The CEO of Powerade said “Hour and twenty minute class will now be given a five minute commercial break. During this break, we will show commercials of epic dunks, touchdowns and aced tests which would all be impossible without the help of Powerade.”

Elbow-patched houndstooth blazers and modest cardigans will no longer be the standard dress for teachers. Since the school can no longer afford to pay them, all the professors are “going pro,” using agents to search for sponsorships.

Their new dress code consists of NASCAR-like suits that are riddled with corporation logos. All faculty in the English Department have been sponsored by Viagra, much to the dismay of some.

Teachers have also been pushed to riddle their lectures with subtle hints towards the companies paying them. We interviewed a teacher who provided an example of the new changes in her lecture.

It may go as follows: “Ok class. We have an essay due; no I’m not being as cold as the Rockies, its due in two weeks. But getting it done early is helpful so just do it, guys. Just do it. We have two choices for the essay, have it your way. Or if you have your own ideas, I’m lovin’ it, just get it approved. I know it’s longer than normal but impossible is nothing, and you should put one hundred percent of your effort into this, because you’re worth it.”

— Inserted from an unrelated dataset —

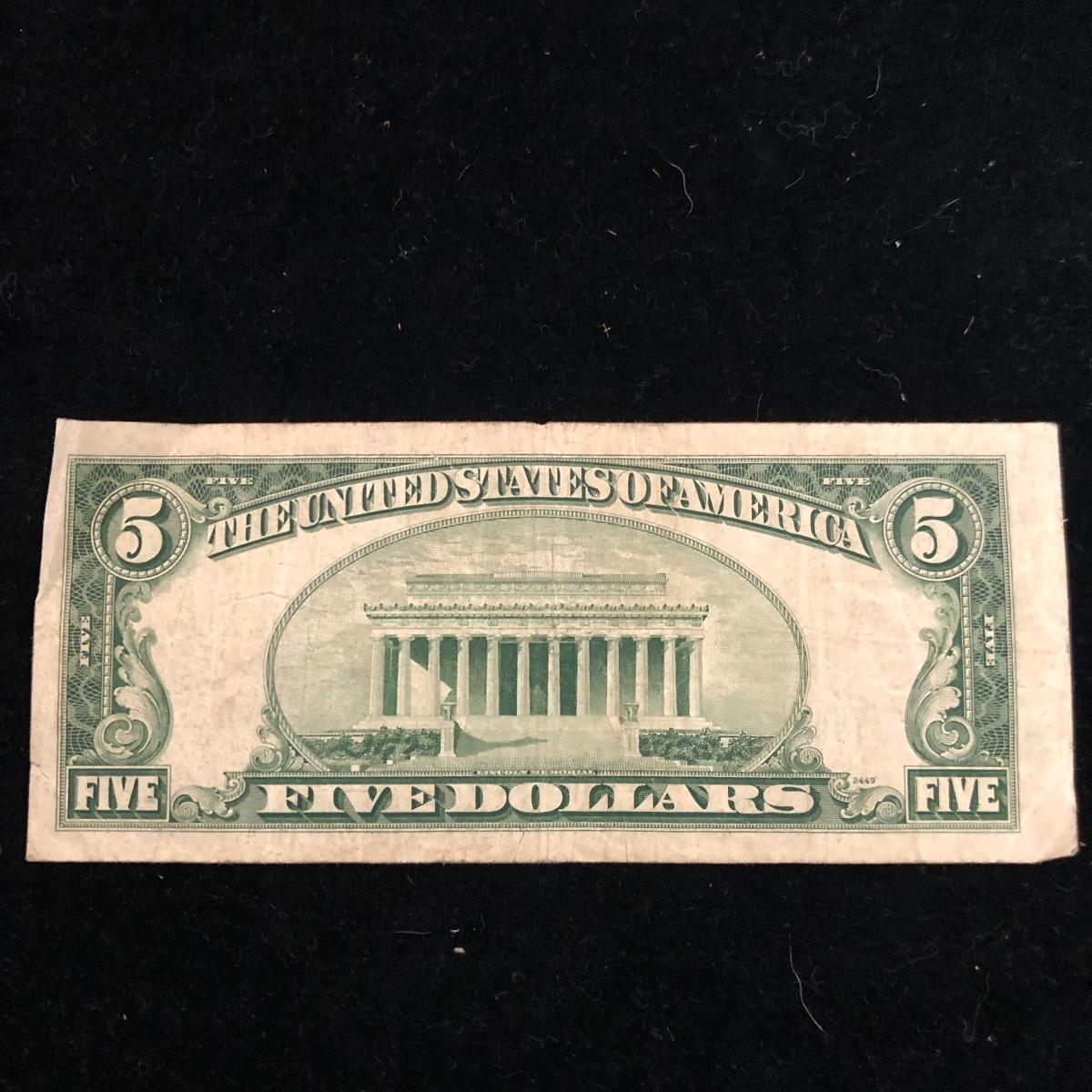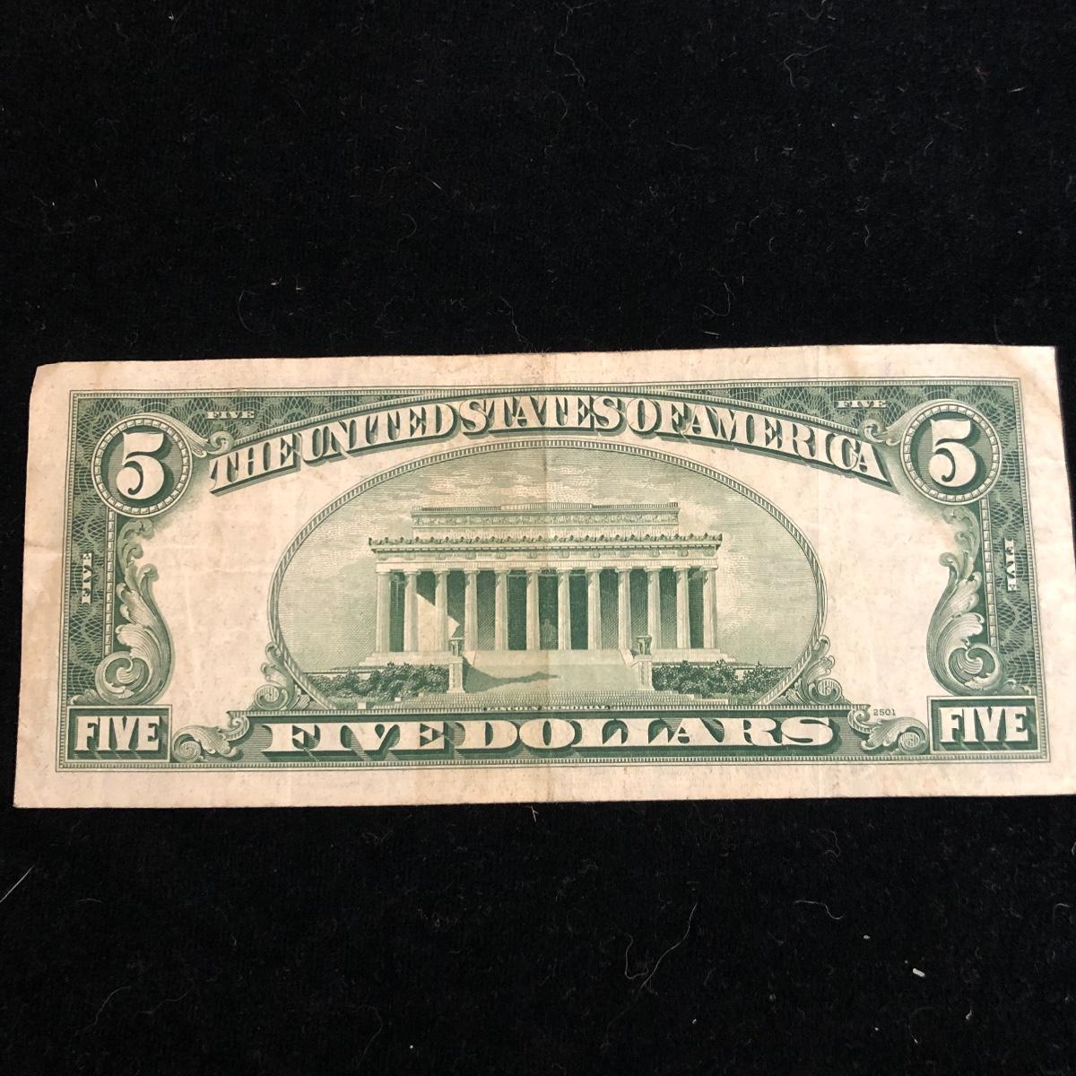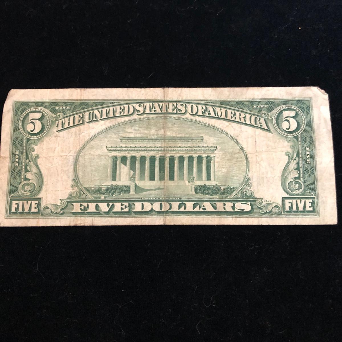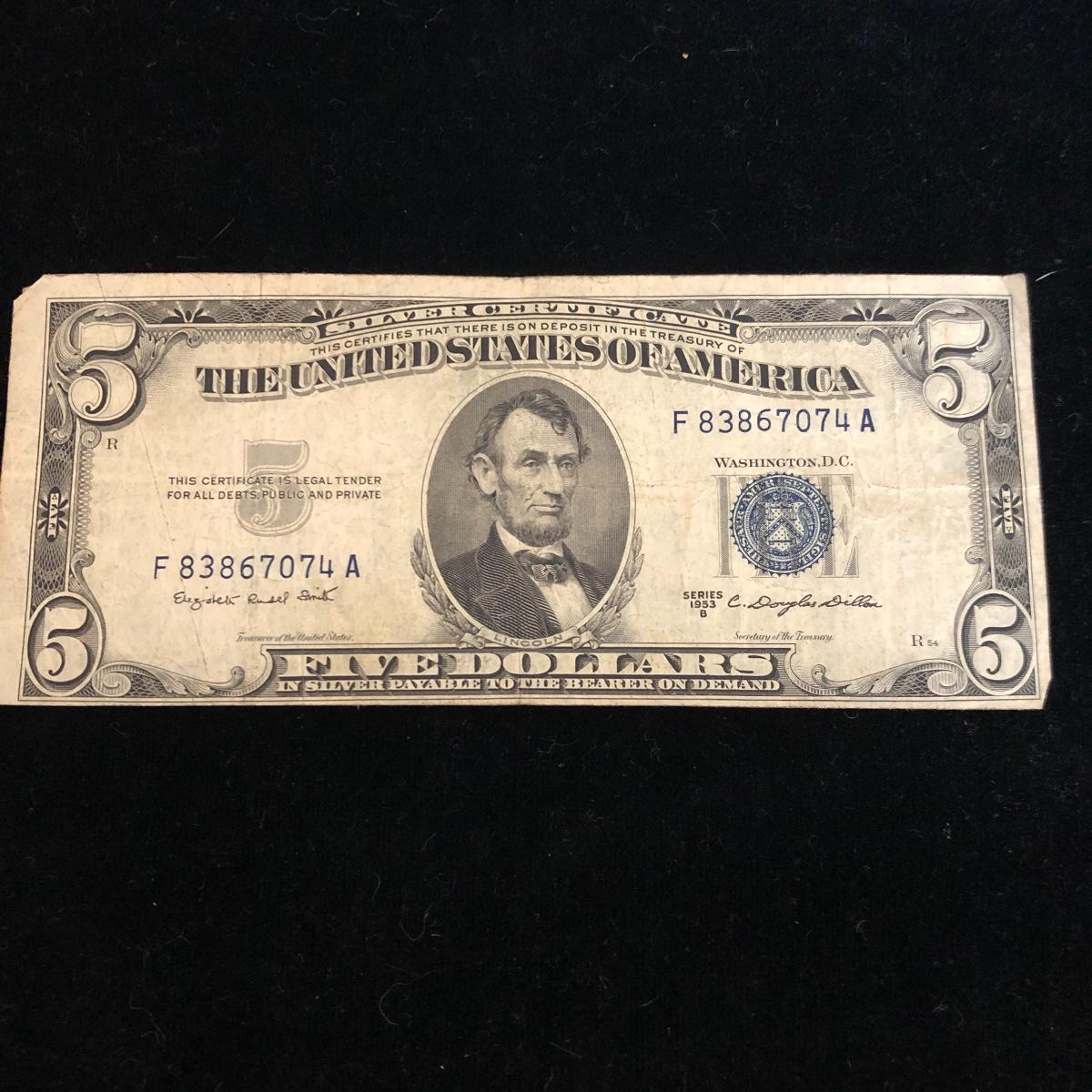 This lot includes three blue seal five dollar bills. Shipping Available.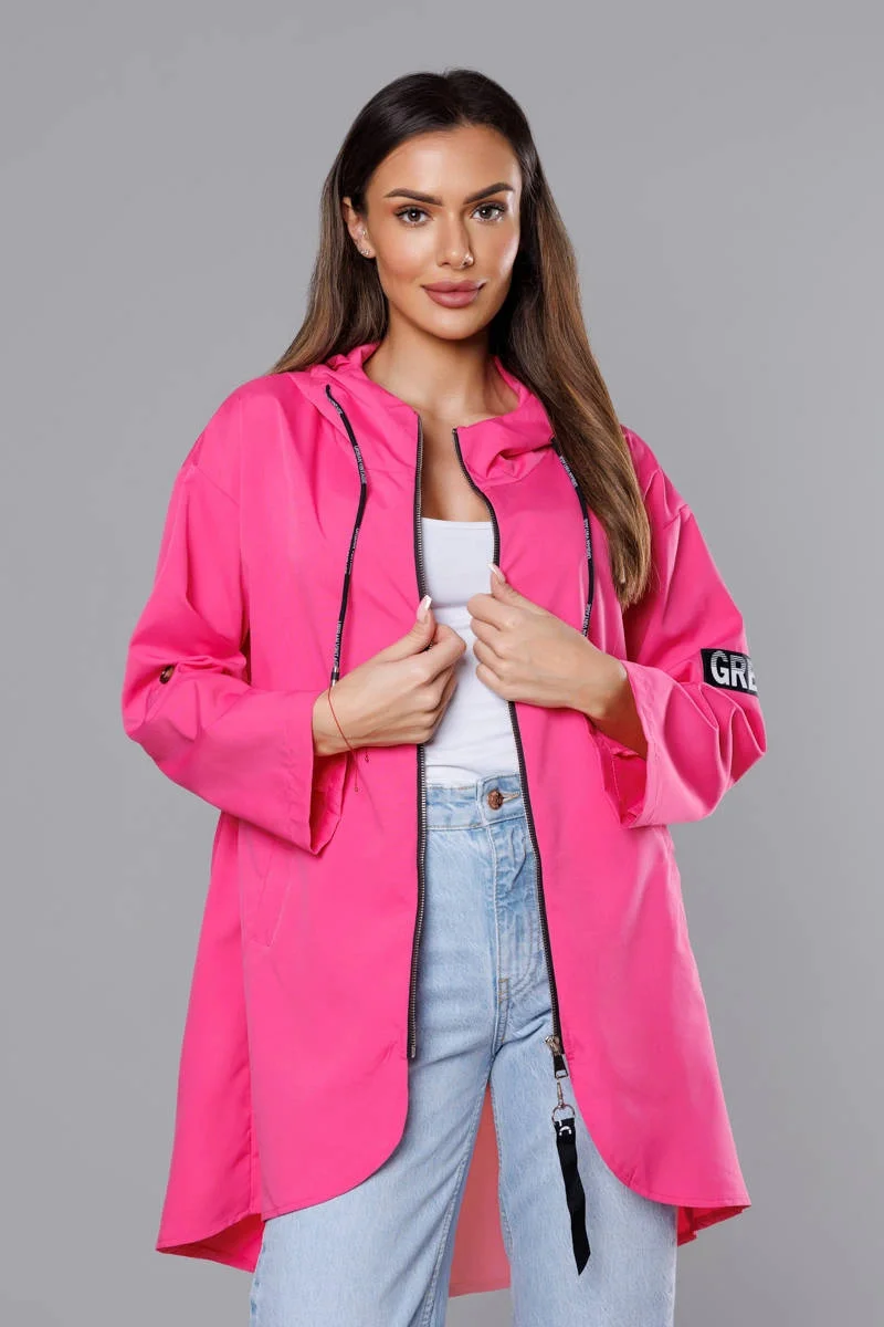 Přehoz se zapíná zipem a má dvě kapsy bez zapínání. Vzadu je v pase guma. Rukávy je možné ohrnout. Přední část modelu má délku k bokům a zadní část má délku do poloviny stehen.

Grizz, the Puget Sound mascot, was bought by Axe Body Spray. His replacement, a walking can of deodorant spray, yells sexual innuendoes while pitching Axe tee shirts into the crowd.

The rights to all school-spirit related songs and chants have been purchased by the As Seen On TV Store, to promote products like the slap chop. Now at games, the fans can look forward to chanting “Slap Slap! Chop Chop!” while their team dices apart the opponents.

All the food in the sub has been replaced with SPAM. Luckily, meat lovers and vegetarians alike are accommodated because the delicious dish is both meat and not really meat.

Red Bull bought the Collins Memorial Library. Over the next two weeks, it will be converted into the Red Bull Book Adventure Zone! where learning is frickin’ awesome. The Adventure Zone will supply Red Bull to all those studying, so they can read two books at once.

For now, Puget Sound can continue to run as a “private university” but students are questioning how these funding changes will impact tuition costs.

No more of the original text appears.